> Task requirements
Below are some records. Retype exactly the lines from the one containing "Икона на доске" through the one containing "大トロと思われる柵はさすがに", both included, skipping every picture.

- Opening Delimiter -

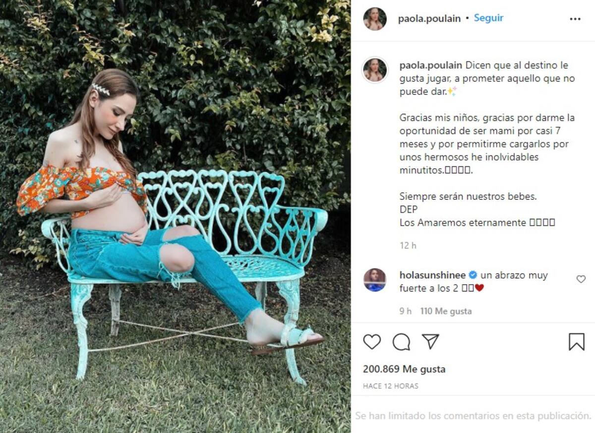 Hace unas horas por medio de la cuenta de Instagram de Paola Pulain, compartió una fotografía de su embarazo donde dio a conocer la lamentable pérdida de sus dos hijos, con un mensaje que conmovió a sus fanáticos.
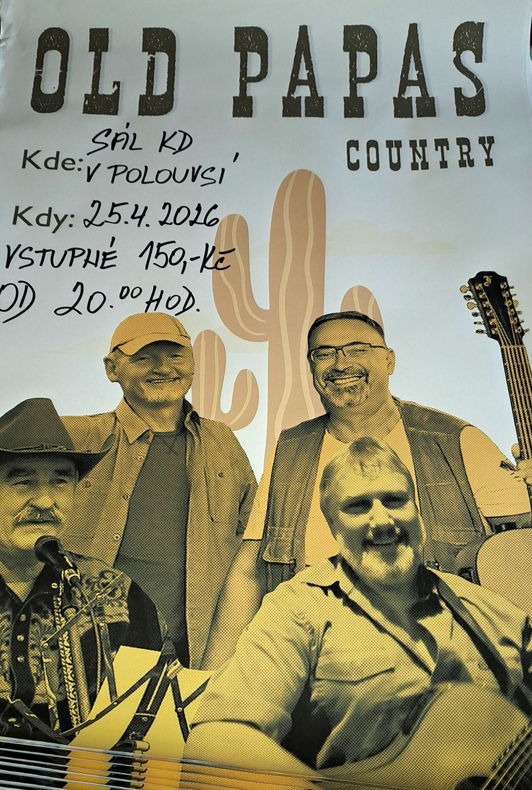 sobota 25. dubna 2026, 20.00 – Country zábava Old Papas – KD Polouvsí
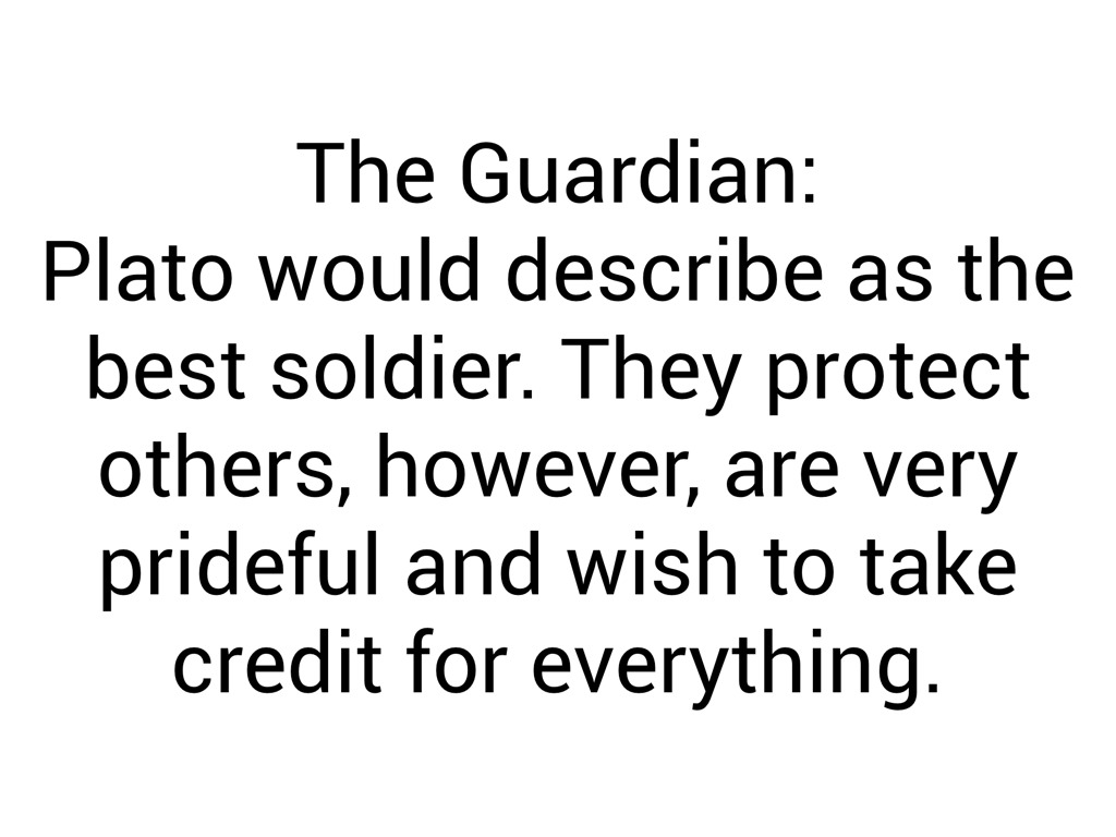 Plato would describe as the best soldier. They protect others, however, are very prideful and wish to take credit for everything.
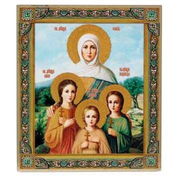 Икона на доске 13х15 золоченое покрытие, объёмная печать, лак Вера, Надежда, Любовь
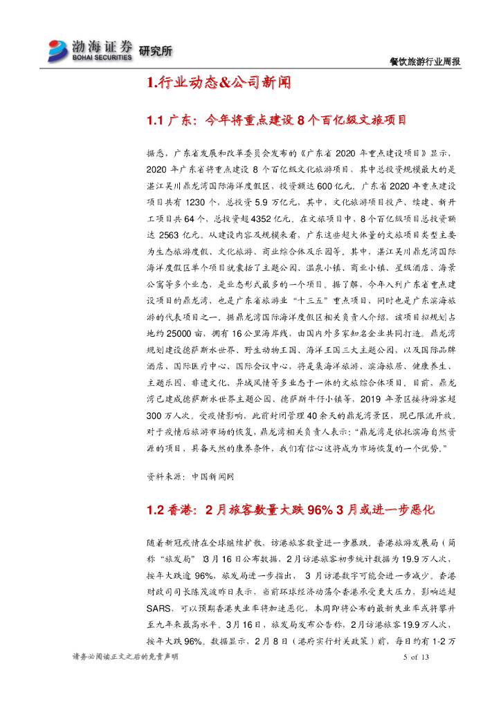 渤海证券:餐饮旅游行业周报:景区进一步恢复开放 关注疫情进展及行业拐点.pdf
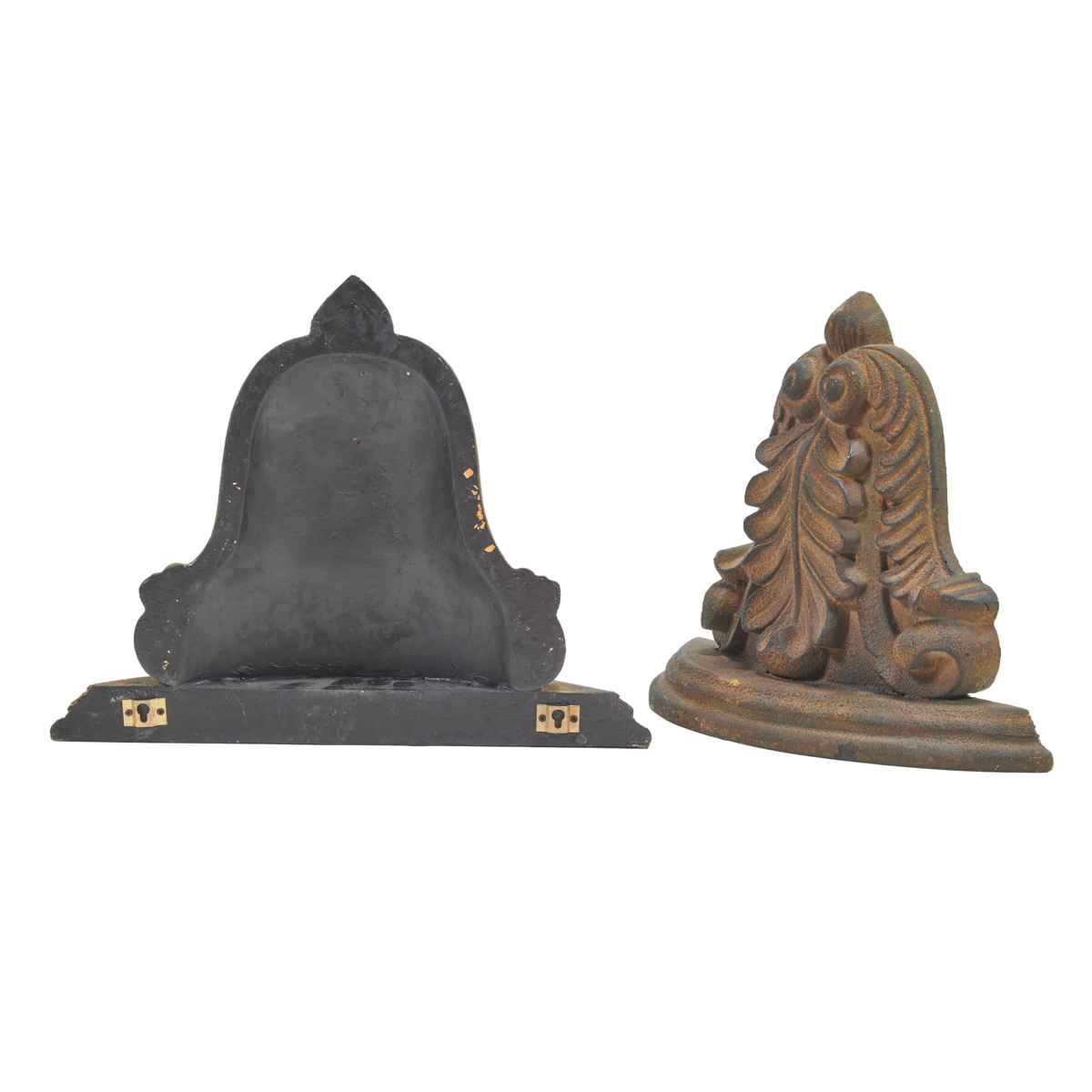 Condition: Tops replaced and added later, the bodies extensively repaired and with new sanded texture to imitate stone. Extensive wear, losses to gilt tone. Minor chips and losses.
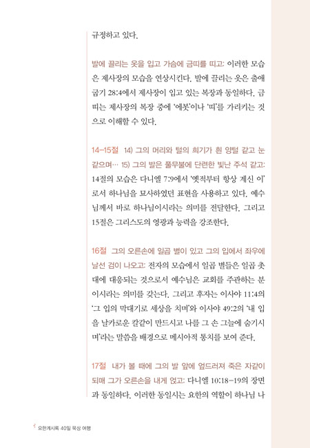 이 책은 목회자들도 어렵게 여기던 요한계시록을 누구나 쉽게 이해하고 묵상하도록 돕는 책이다. 저자는 ‘묵상 열기’, ‘본문 여행’, ‘묵상 여행’, ‘나의 결단’이라는 쉽고 분명한 단계를 통해 독자가 요한계시록 본문의 의미를 쉽고 정확하게 이해하고 오늘날 각자의 삶의 자리에서 적용할 수 있도록 친절하게 안내하고 있다. 이 책은 혼돈의 시대에 소망을 잃고 낙심한 교회에 하나님 나라의 복음과 공의, 위로와 소망을 제시해 줄 것이다.
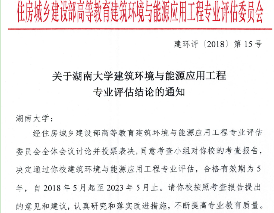2018年6月8日,住房和城乡建设部高等教育建筑环境与能源应用工程专业评估委员会印发了《关于湖南大学建筑环境与能源应用工程专业评估结论的通知》(建环评(2018)第15号),通过了第一会所
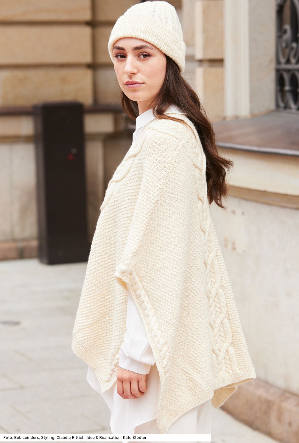 Als stilvolle Alternative zu Jacken ziehen Ponchos immer noch die Blicke auf sich. Designer auf der ganzen Welt interpretieren den südamerikanischen Poncho immer wieder auf neue Art und fügen moderne Elemente hinzu. Bestes Beispiel ist dieses Design, das mit verschlungenen Zopf-Strängen glänzt, welche den Rahmen für ein plastische Perlmuster bilden. Perfekte Ergänzung dazu: eine Mütze mit Umschlag. Für den Überblick bei dieser Musterpracht sorgen die übersichtlichen Strickschriften in der Anleitung. Tipp: Um die Mustereinteilung noch übersichtlicher zu machen, helfen Maschenmarkierer zwischen den einzelnen Mustern.
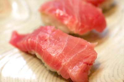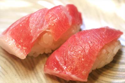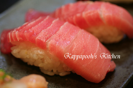 大トロと思われる柵はさすがに小さかったので、シャリも少なめにして小ぶりの握りです。
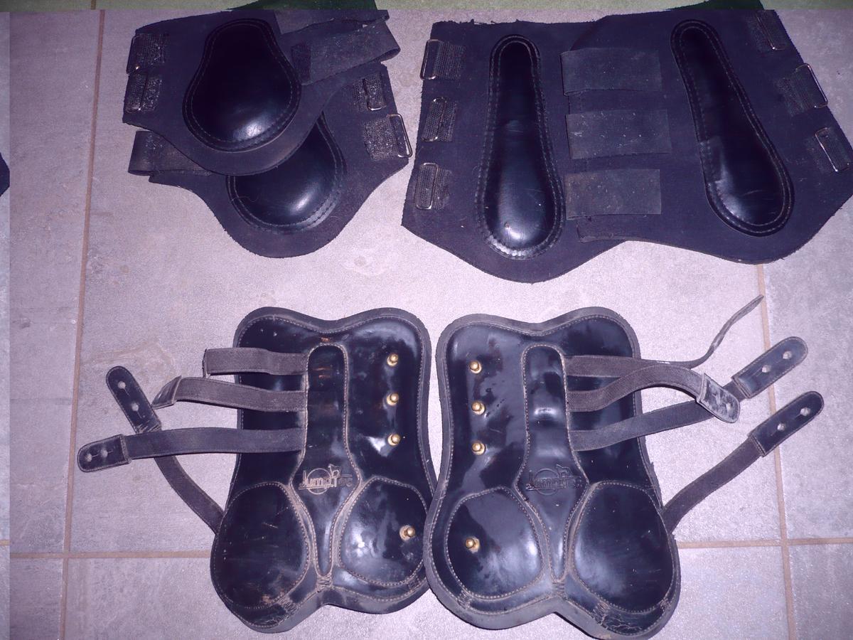 1 paire de guêtres antérieures et 1 paires postérieures à scratchs taille cheval (en parfait état): 15 euros l'ensemble
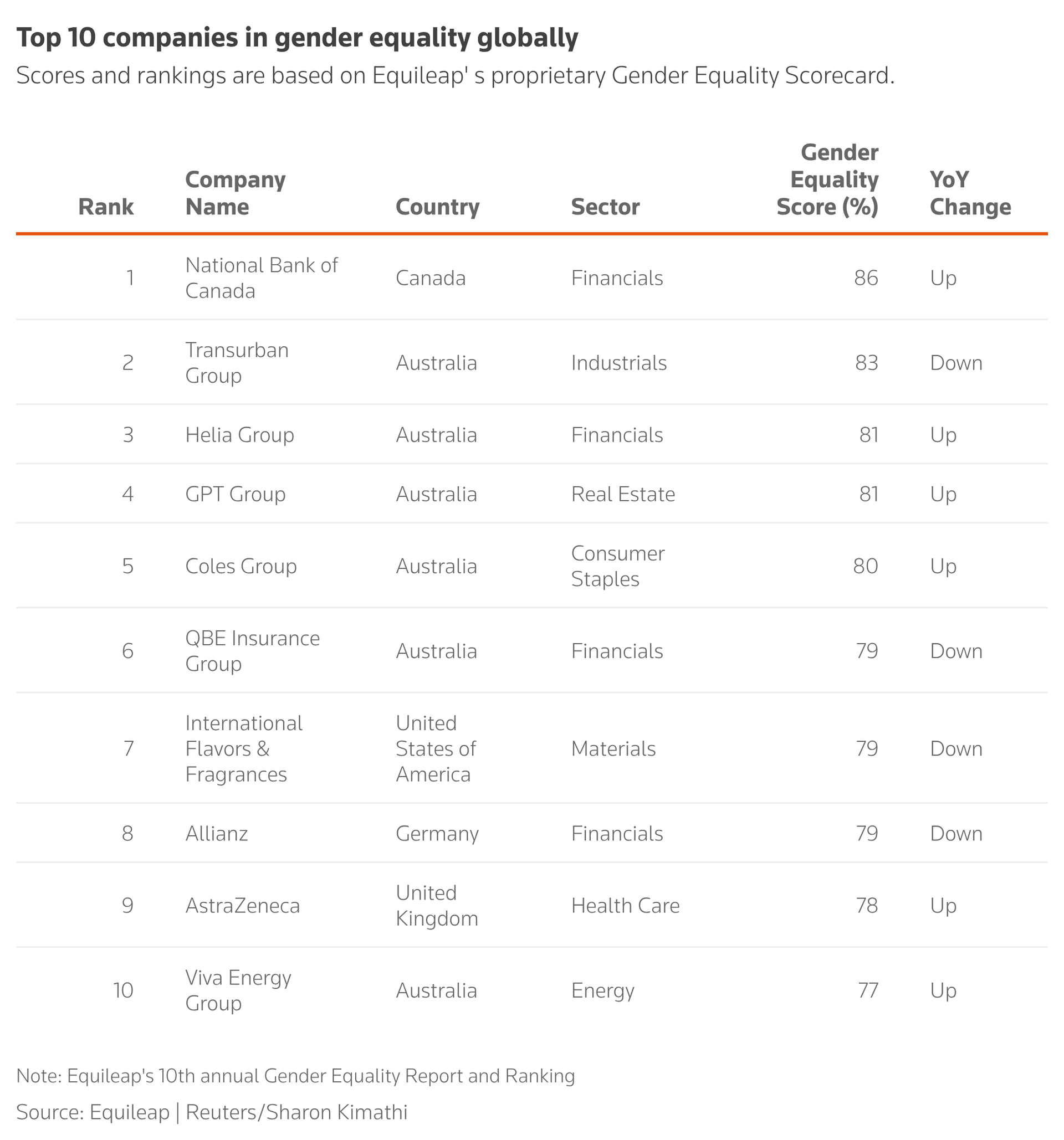 As I mentioned above, although there are challenges, we still need to celebrate our successes. There are still companies out there that are championing gender equality. Equileap, an international data provider for diversity and inclusion and gender equality, just crowned their best performing company for gender equality globally.
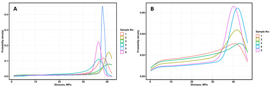 Figure 4 shows the behavior of the stress probability density when testing filament specimens and printed 60Al2O3/40PLA samples, corresponding to the diagrams in Figure 1A,B.
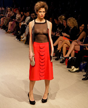 Sarah Armstrong featured her collection as an emerging designer from Vancouver. Armstrong has collaborated with filmmaker Jean-Philippe Marquis to showcase elements of her FW14 collection. She creates ready-to-wear pieces with an androgynous touch, adding a unique edge to her collection.

- Closing Delimiter -

> Expected answer
 Икона на доске 13х15 золоченое покрытие, объёмная печать, лак Вера, Надежда, Любовь
 渤海证券:餐饮旅游行业周报:景区进一步恢复开放 关注疫情进展及行业拐点.pdf
 Condition: Tops replaced and added later, the bodies extensively repaired and with new sanded texture to imitate stone. Extensive wear, losses to gilt tone. Minor chips and losses.
 이 책은 목회자들도 어렵게 여기던 요한계시록을 누구나 쉽게 이해하고 묵상하도록 돕는 책이다. 저자는 ‘묵상 열기’, ‘본문 여행’, ‘묵상 여행’, ‘나의 결단’이라는 쉽고 분명한 단계를 통해 독자가 요한계시록 본문의 의미를 쉽고 정확하게 이해하고 오늘날 각자의 삶의 자리에서 적용할 수 있도록 친절하게 안내하고 있다. 이 책은 혼돈의 시대에 소망을 잃고 낙심한 교회에 하나님 나라의 복음과 공의, 위로와 소망을 제시해 줄 것이다.
2018年6月8日,住房和城乡建设部高等教育建筑环境与能源应用工程专业评估委员会印发了《关于湖南大学建筑环境与能源应用工程专业评估结论的通知》(建环评(2018)第15号),通过了第一会所
 Als stilvolle Alternative zu Jacken ziehen Ponchos immer noch die Blicke auf sich. Designer auf der ganzen Welt interpretieren den südamerikanischen Poncho immer wieder auf neue Art und fügen moderne Elemente hinzu. Bestes Beispiel ist dieses Design, das mit verschlungenen Zopf-Strängen glänzt, welche den Rahmen für ein plastische Perlmuster bilden. Perfekte Ergänzung dazu: eine Mütze mit Umschlag. Für den Überblick bei dieser Musterpracht sorgen die übersichtlichen Strickschriften in der Anleitung. Tipp: Um die Mustereinteilung noch übersichtlicher zu machen, helfen Maschenmarkierer zwischen den einzelnen Mustern.
 大トロと思われる柵はさすがに小さかったので、シャリも少なめにして小ぶりの握りです。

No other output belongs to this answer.